## [TASK REQUIREMENTS]
Type out the complete listing below word for word, without its pictures.

## [SUPPLIED MATERIAL]
..............................
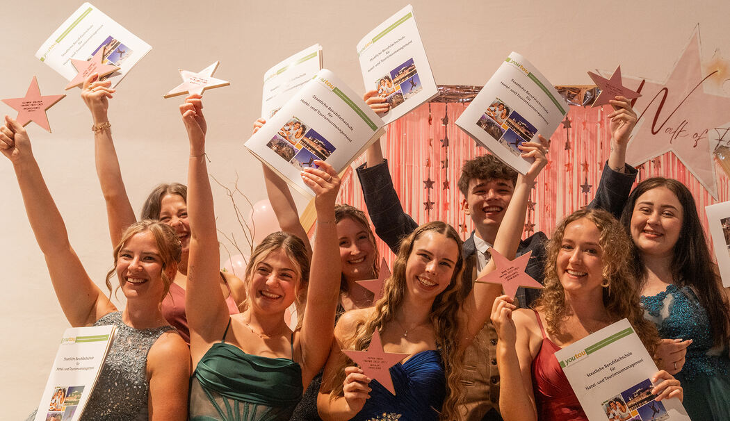 Organisiert wurde das festliche Event im Rahmen des Projektmanagement-Unterrichts der Klasse YOU 12. Der Abend begann mit einem stilvollen Sektempfang im liebevoll dekorierten Schulgarten, gefolgt von unterhaltsamen Showeinlagen. Die feierliche Zeugnisverleihung fand in der Aula statt – begleitet von einem umfangreichen Buffet, das keine Wünsche offenließ. Ein Highlight: Die Schülerinnen und Schüler durften ihre Zeugnisse nach dem Gang über einen roten Teppich entgegennehmen, geschmückt mit goldenen Sternen – ihrem ganz persönlichen »Walk of Fame«. Überreicht wurden die Auszeichnungen feierlich durch die Leitung der Berufsfachschule für Hotel- und Tourismusmanagement Karin Steinmüller. Ein Abend voller Anerkennung, Stolz und festlicher Stimmung, der den Absolventinnen und Absolventen sicher noch lange in Erinnerung bleiben wird. Ein gelungenes Fest, das zeigt: Diese jungen Menschen sind bereit für ihre ganz große Bühne. fb
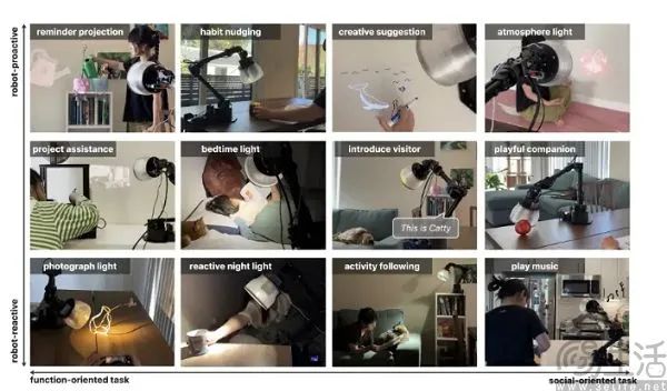 当然,以上种种围绕“照明”展开的功能,并非苹果这款台灯机器人最大的创新,它与以往桌面机器人最大的区别在于拥有表达“情感”的能力。例如当用户忙于工作时,台灯会像小狗一样“用头”将水杯推向用户;在用户询问天气时,台灯会先“看向”窗外、再给出答复;当用户边切菜边听音乐时,它则会跟随节奏舞动。
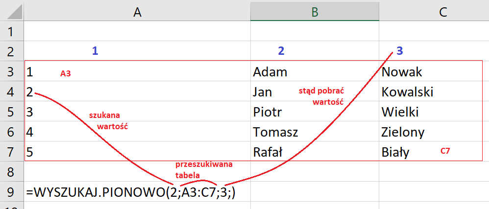 Chcąc wyszukać nazwisko osoby będącej na którejś pozycji w tabeli postępujemy wg pewnego schematu. Po pierwsze określamy całą tabelę, która zawiera dane znane (te których szukamy) oraz dane których będziemy poszukiwać. W naszym przypadku zaznaczamy całą tabelę począwszy od komórki A3 do C7. Należy pamiętać o tym, aby wartości znane były w pierwszej kolumnie tabeli.
..............................
## [SOLUTION TO THIS TASK]
 Organisiert wurde das festliche Event im Rahmen des Projektmanagement-Unterrichts der Klasse YOU 12. Der Abend begann mit einem stilvollen Sektempfang im liebevoll dekorierten Schulgarten, gefolgt von unterhaltsamen Showeinlagen. Die feierliche Zeugnisverleihung fand in der Aula statt – begleitet von einem umfangreichen Buffet, das keine Wünsche offenließ. Ein Highlight: Die Schülerinnen und Schüler durften ihre Zeugnisse nach dem Gang über einen roten Teppich entgegennehmen, geschmückt mit goldenen Sternen – ihrem ganz persönlichen »Walk of Fame«. Überreicht wurden die Auszeichnungen feierlich durch die Leitung der Berufsfachschule für Hotel- und Tourismusmanagement Karin Steinmüller. Ein Abend voller Anerkennung, Stolz und festlicher Stimmung, der den Absolventinnen und Absolventen sicher noch lange in Erinnerung bleiben wird. Ein gelungenes Fest, das zeigt: Diese jungen Menschen sind bereit für ihre ganz große Bühne. fb
 当然,以上种种围绕“照明”展开的功能,并非苹果这款台灯机器人最大的创新,它与以往桌面机器人最大的区别在于拥有表达“情感”的能力。例如当用户忙于工作时,台灯会像小狗一样“用头”将水杯推向用户;在用户询问天气时,台灯会先“看向”窗外、再给出答复;当用户边切菜边听音乐时,它则会跟随节奏舞动。
 Chcąc wyszukać nazwisko osoby będącej na którejś pozycji w tabeli postępujemy wg pewnego schematu. Po pierwsze określamy całą tabelę, która zawiera dane znane (te których szukamy) oraz dane których będziemy poszukiwać. W naszym przypadku zaznaczamy całą tabelę począwszy od komórki A3 do C7. Należy pamiętać o tym, aby wartości znane były w pierwszej kolumnie tabeli.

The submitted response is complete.